1. Reduce user flow friction Several text input fields (e.g. GitHub endpoint url) are redundant and should be eliminated for users. Some other text input fields require users to memorize/look up Regular Expression, Cron code, Board IDs, etc. to fill in; it will be more friendly to turn them into dropdown selectors.
2. Correct the imbalance between regular UI mode and Advanced JSON mode at creating pipelines The functions of the regular UI mode doesn't match those of the Advanced mode for which user types in JSON for configuration. For instance, the regular UI mode has missing configuration fields (e.g. Feishu).
3. Show most relevant details for users in more obvious places (e.g. progression/status of pipeline runs) Lots of status/progression related information is buried too deep. For instance, in the Blueprint list, even unfolding a Blueprint cannot reveal the tasks of that Blueprint.

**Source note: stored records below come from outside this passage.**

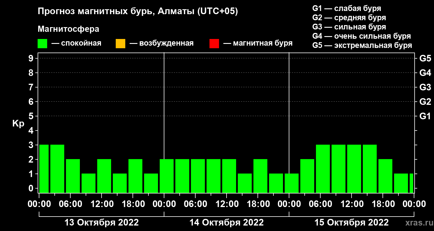 Прогноз магнитных бурь Алматы на 13 октября 2022 года
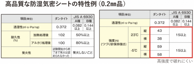 ◉一般に防湿気密シートは性能と価格、重さで選択。性能面では破れづらい0.2mm厚が優れているが重いのが難点
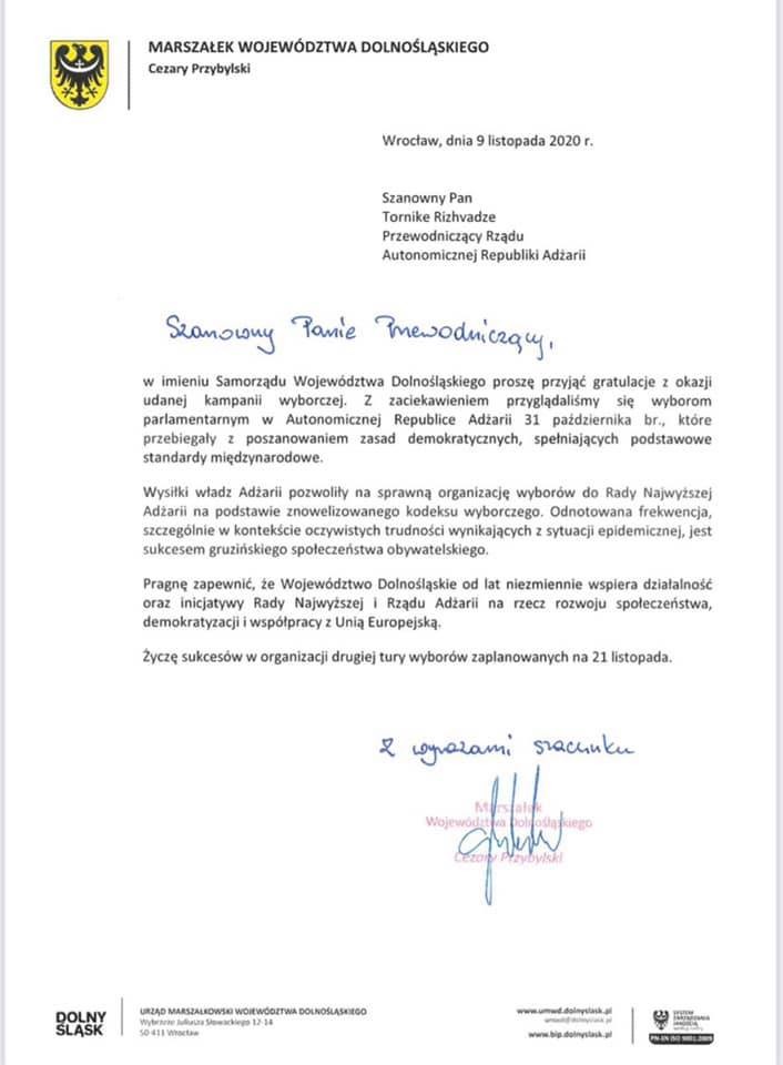 „ბატონო თავმჯდომარევ, ქვემო სილეზიის ხელისუფლების სახელით მინდა მოგილოცოთ წარმატებული საარჩევნო კამპანიის ჩატარება. დიდი ინტერესით ვადევნებდით თვალყურს საპარლამენტო არჩევნებს აჭარის ავტონომიურ რესპუბლიკაში, რომელიც 31 ოქტომბერს, საერთაშორისო სტანდარტების შესაბამისად, დემოკრატიული პრინციპების დაცვით გაიმართა. აჭარის ხელისუფლების ძალისხმევით, შესაძლებელი გახდა აჭარის უმაღლესი საბჭოს არჩევნების ეფექტურად გამართვა განახლებული საარჩევნო კანონმდებლობის საფუძველზე. დაფიქსირებული აქტიურობა, განსაკუთრებით ეპიდემიის შედეგად წარმოქმნილი აშკარა სირთულეების ფონზე, საქართველოს სამოქალაქო საზოგადოების დიდი წარმატებაა. გარწმუნებთ, რომ უკვე მრავალი წელია ქვემო სილეზია მხარს უჭერს აჭარის უმაღლესი საბჭოსა და მთავრობის საქმიანობას, საზოგადოების განვითარების, დემოკრატიის განმტკიცებისა და ევროკავშირთან თანამშრომლობის მიმართულებით. წარმატებას გისურვებთ 21 ნოემბერს დაგეგმილი არჩევნების მეორე ტურის გამართვაში“ - ნათქვამია ქვემო სილეზიის სავოევოდოს მარშალის ცეზარი პშიბილსკის მიერ გამოგზავნილ ოფიციალურ წერილში.

4. Reconsider the order of configuration tasks for each data provider Based on different data providers, we should reconsider the order of configuration tasks. For an example for GitHub, we should let users select repos first before filling in PR and Issue Type options. We can draw a flow chart for each.
5. Disentangle convoluted concepts The concepts of Pipelines and Blueprints are presented in a convoluted way by the UI. We should eliminate the "All Pipeline Runs" page and unify the function of "creating a Pipeline with Blueprint" and "creating a Blueprint with a previously defined Pipeline task" into one place.